## Exercise
One range is to be output from the listing below, exactly as written: the line with "Žena filmů divoký" to the line with "针对git仓库的权限,我有了新的发现。当在 Azure DevOps", both kept.

## Materials provided
»»

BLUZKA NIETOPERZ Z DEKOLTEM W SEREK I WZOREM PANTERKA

««
»»

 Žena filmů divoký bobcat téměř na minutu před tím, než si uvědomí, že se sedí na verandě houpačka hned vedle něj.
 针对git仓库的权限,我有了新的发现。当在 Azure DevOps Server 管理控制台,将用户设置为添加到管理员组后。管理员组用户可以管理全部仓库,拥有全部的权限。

««

## Result of the task
 Žena filmů divoký bobcat téměř na minutu před tím, než si uvědomí, že se sedí na verandě houpačka hned vedle něj.
 针对git仓库的权限,我有了新的发现。当在 Azure DevOps Server 管理控制台,将用户设置为添加到管理员组后。管理员组用户可以管理全部仓库,拥有全部的权限。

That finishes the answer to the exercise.